夕日をバックに二人で校門をでる。どうやら家の方向は同じみたいだ。

「今日は晴れて良かったね。ここ最近雨ばっかりだったから。ほんと、梅雨って嫌い。」

俺の半歩分くらい先を歩きながらユイは言う。

「久しぶりだね。ナツとちゃんと話すの。あの日以来か。」

俺は黙って、ユイの後ろを歩く。ふいにユイが後ろを振り返る。

「ねぇ、ナツ。」

ユイは真剣な顔で俺を見る。

「あたし、今年中に死のうと思ってるんだよね。」

ユイが何を言っているのか分からなかった。

「ちょっと、そこの公園で話そ?」

二人で公園のベンチに座る。俺たちの他には誰もいなかった。ユイはカバンから緑のパッケージの箱を取り出すと、一本抜き取り火を点ける。俺もブレザーの内ポケットから取り出し、火を点ける。

「スー、ハー。」

「いきなりでびっくりしたよね。まだいつかは決めてないんだけどね。」

ユイは笑いながら言う。

「だからさ、今年一年あたしの楽しみに付き合ってよ。」

いきなり言われても意味が分からなかった。

「拒否権はありませーん。じゃないとあのことバラしちゃうよ。」

ユイはイタズラな笑みを見せる。それはユイにとっても都合が悪いのではないか。

「ん。」

ユイは携帯型の袋を差し出す。なるほど終わった後のこれを入れるやつか。ありがたく捨てさせてもらう。

「あのね。」

ユイは長袖の制服の袖をまくる。ユイの細いうでには痛々しい傷やアザの痕が所々あった。初めて会った日、ユイの胸元に見えたアザは見間違いではなかったようだ。この分だと身体中がアザだらけなのだろう。

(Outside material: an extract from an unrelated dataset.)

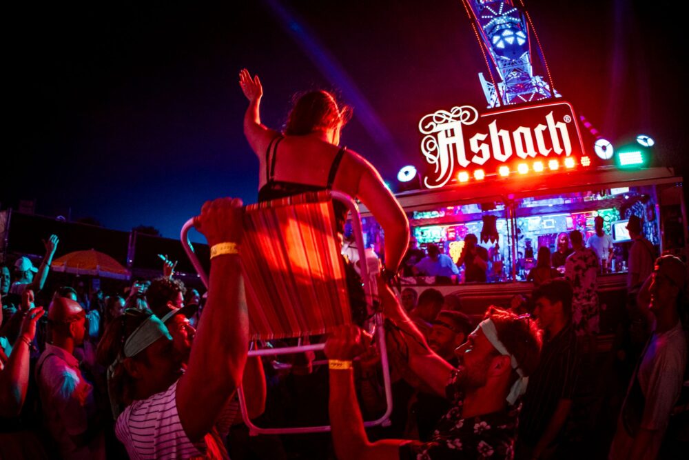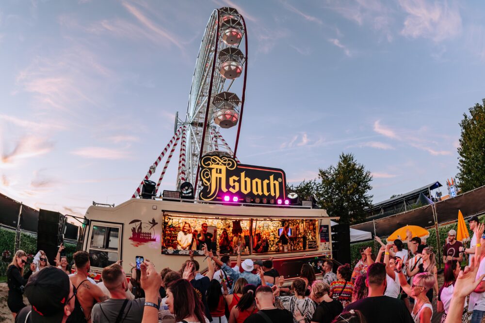 Das Feedback aus der Festival-Szene war so positiv, dass die Verantwortlichen entschieden, dass das UrAltersheim auf Tour geht: das „Asbach Mobilheim“ war geboren – ein neun Meter langes Mercedes-Wohnmobil, das mit viel Liebe zum Detail umgebaut wurde. Der Camper war 2024 unter anderem auf dem Open Beatz in Herzogenaurach und dem Electrisize in Erkelenz vertreten. Doch damit nicht genug; im Vorfeld der Festival-Saison 2025 wurde das Mobilheimkonzept weiterentwickelt zum „Camp Asbach“ – eine liebevoll gestaltete Lounge-Area inklusive des Campers.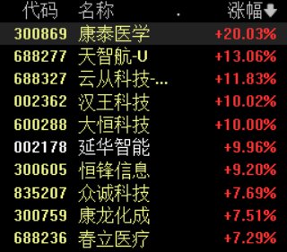 康泰医学20%涨停,正川股份、汉王科技、延华智能等多股涨停。

「うちのお父さん、酔ったら人が変わるの。家族に暴力振るうのもしょっちゅう。そのせいでお母さん、出て行っちゃったの。ずるいよねー、あたしも連れてってくれれば良かったのに。それからお父さんもよくお酒飲むようになって、休みの日なんか朝から飲んでるんだよ?気に食わないことあるとすぐ暴力振るうし。ほんと最悪。だからもう死んでやろうと思って。」

ユイの目にはうっすら涙が浮かんでいた。

俺は何も言えなかった。

「じゃあ明日から決行ね。あたしに最高の一年をプレゼントすること。」

ユイは笑顔でそう言った。それから家に帰ったまでのことは覚えていない。